WHAT TO PRODUCE: Find the line with "Beschreibung Viele Bäume" in the records below. Copy it and every line after it, up to and including the line with "Черные демисезонные штаны, леггинсы".

MATERIAL FOR THE TASK:
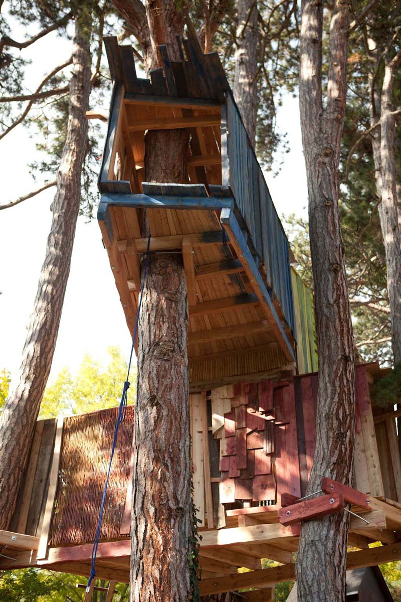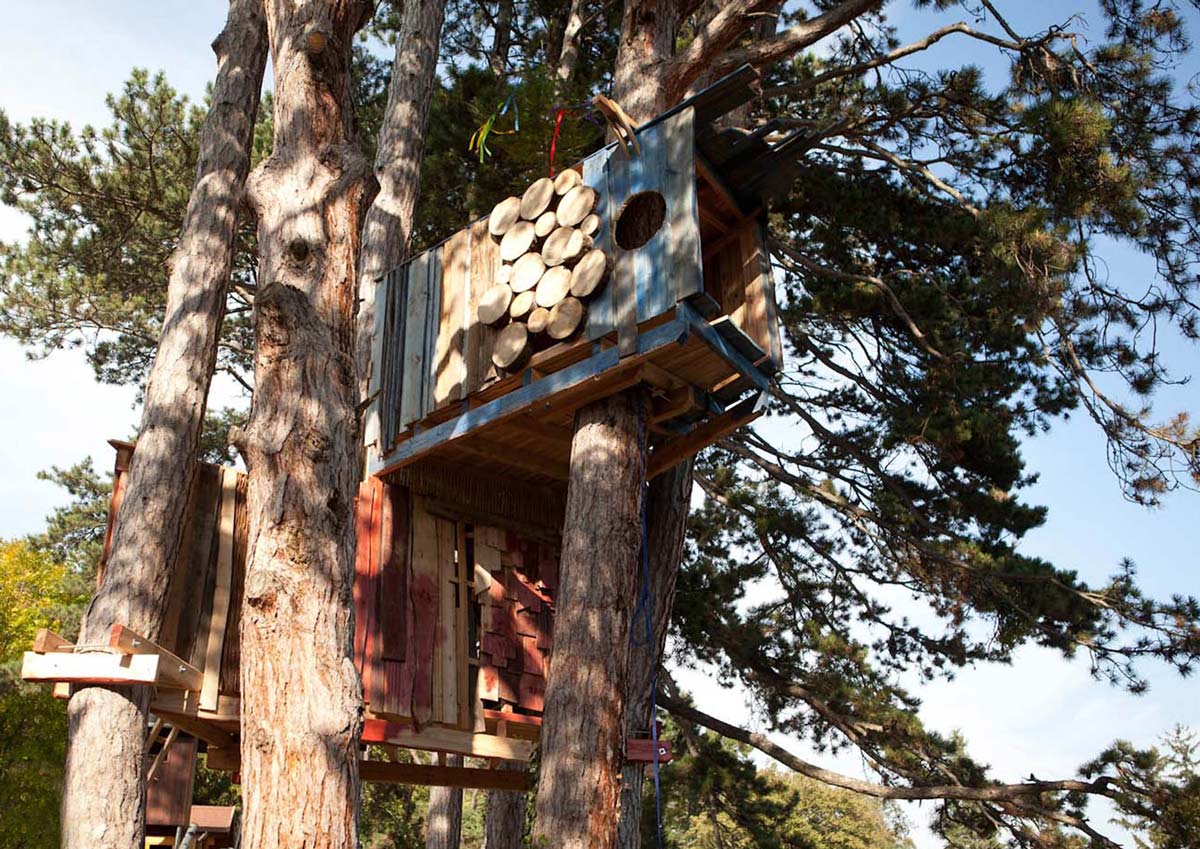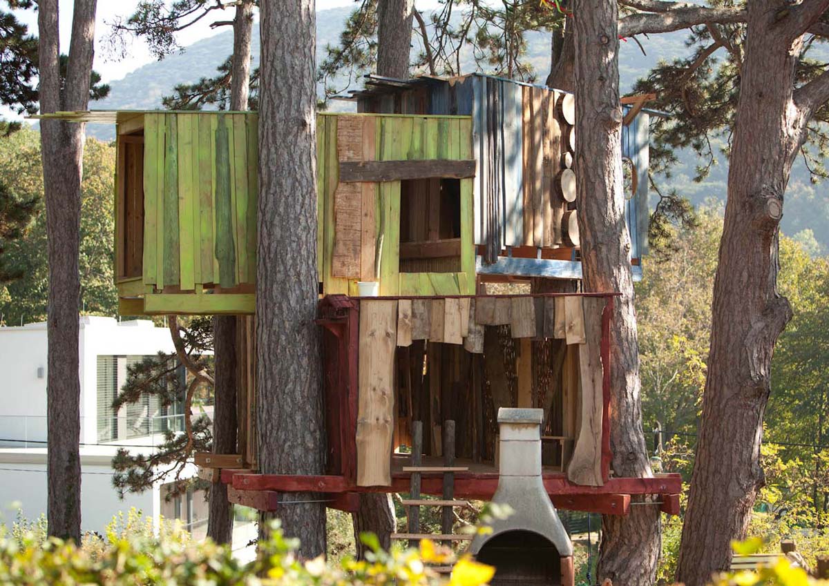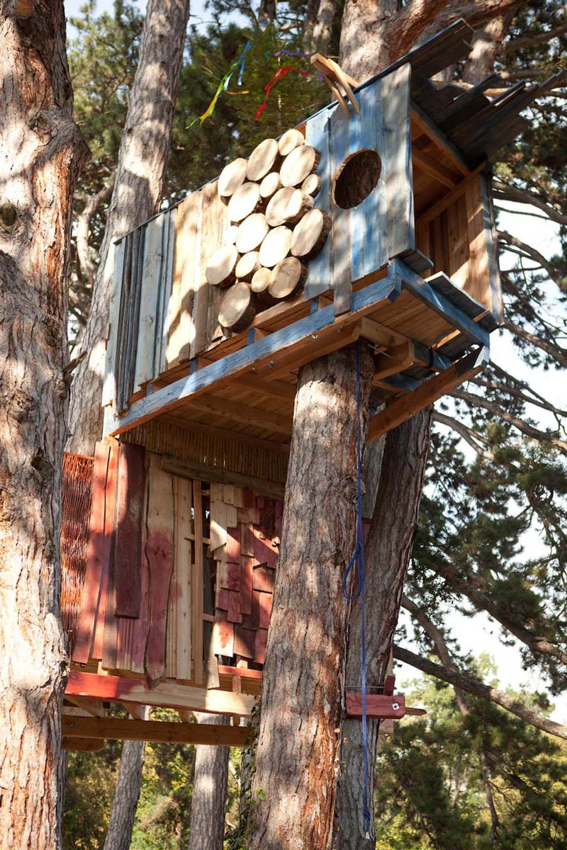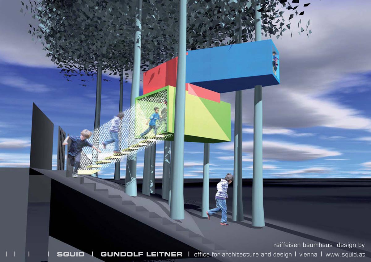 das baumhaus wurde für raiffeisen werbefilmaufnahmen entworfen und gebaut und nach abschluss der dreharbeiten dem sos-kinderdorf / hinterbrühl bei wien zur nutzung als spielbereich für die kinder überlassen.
--
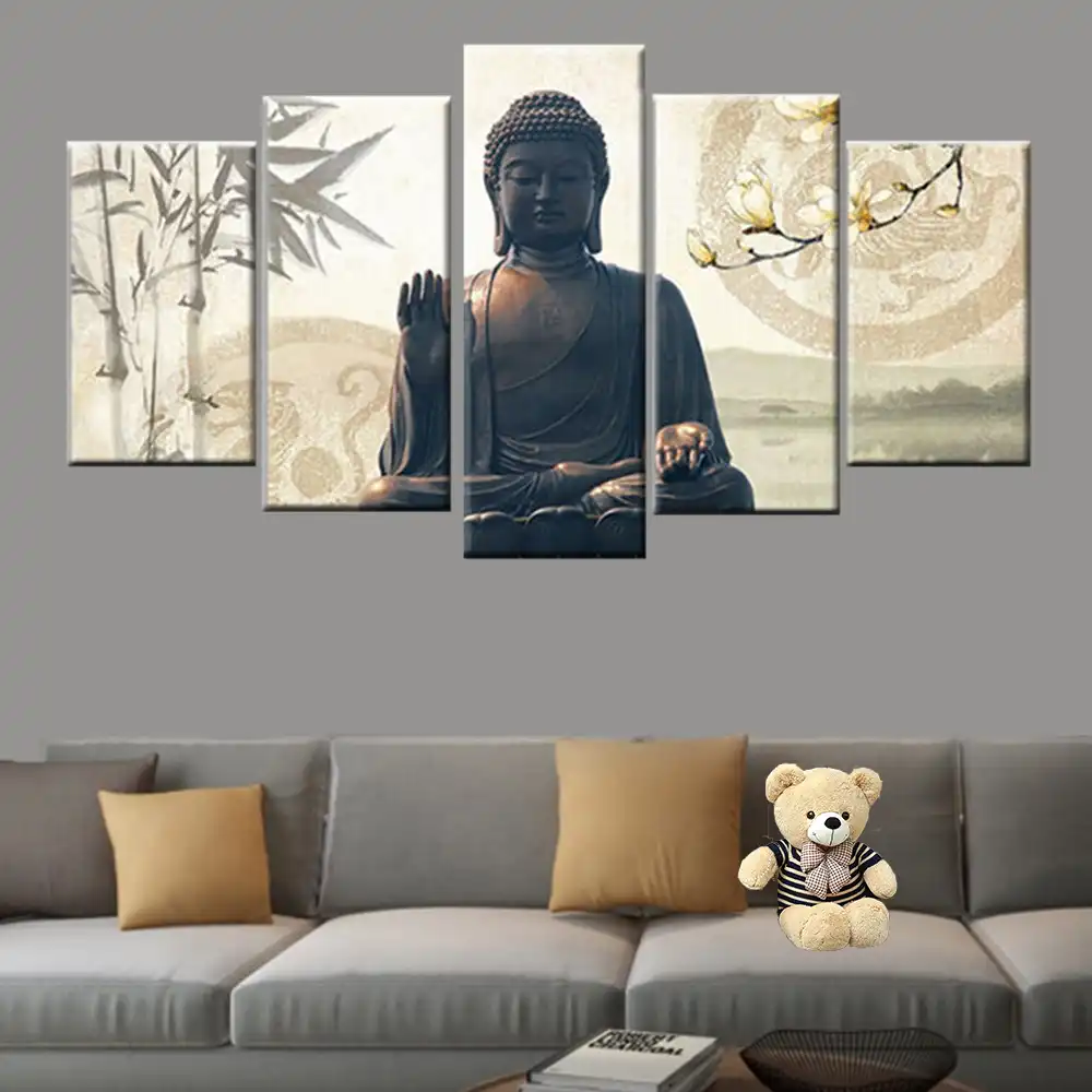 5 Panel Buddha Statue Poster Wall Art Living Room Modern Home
--
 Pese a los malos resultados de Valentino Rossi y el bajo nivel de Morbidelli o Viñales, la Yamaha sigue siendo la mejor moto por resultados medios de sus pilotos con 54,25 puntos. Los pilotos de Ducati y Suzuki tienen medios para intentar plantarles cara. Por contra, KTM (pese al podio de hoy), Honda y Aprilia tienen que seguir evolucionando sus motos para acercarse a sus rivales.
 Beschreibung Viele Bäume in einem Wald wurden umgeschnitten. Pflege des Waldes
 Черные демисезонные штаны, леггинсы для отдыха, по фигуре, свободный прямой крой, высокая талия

REPLY TO THE TASK:
 Beschreibung Viele Bäume in einem Wald wurden umgeschnitten. Pflege des Waldes
 Черные демисезонные штаны, леггинсы для отдыха, по фигуре, свободный прямой крой, высокая талия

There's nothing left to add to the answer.